A living will is a document that describes a person's wishes for healthcare. It comes into effect when the individual cannot make or communicate these decisions on his own. Other advance directives can also help ensure your parents' wishes are complied with.

Your parents can include any areas of concern in a living will. Common issues include life support and heroic measures of revival. New York law does not set forth specific requirements for a living will. Such a will may be valid as long as it constitutes evidence of actual wishes.

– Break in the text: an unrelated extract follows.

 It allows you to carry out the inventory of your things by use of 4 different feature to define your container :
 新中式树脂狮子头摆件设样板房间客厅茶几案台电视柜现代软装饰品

Why a living will might fall short

Relying on a living will for healthcare wishes can present several drawbacks. Typically, the time to draw up a living will is well in advance of catastrophic complications. No matter how thoroughly your parents think matters through, a person cannot anticipate every single circumstance that may arise. This will leave you and the rest of your family unsure of what to do when unexpected issues arise. New York law also does not provide a standard interpretation for phrasing in living wills, which can give rise to uncertainty.

Healthcare proxy

Designating a healthcare proxy can serve as an alternative or an addition to drafting a living will. Speak with your parents about selecting a proxy whom they trust to carry out their wishes reliably. This can be easier when you know the suggested proxy's personal beliefs do not conflict with your parents' known wishes. On a practical note, it makes sense to designate a person who will be close enough and able and willing to discuss matters with healthcare providers and assess the situation.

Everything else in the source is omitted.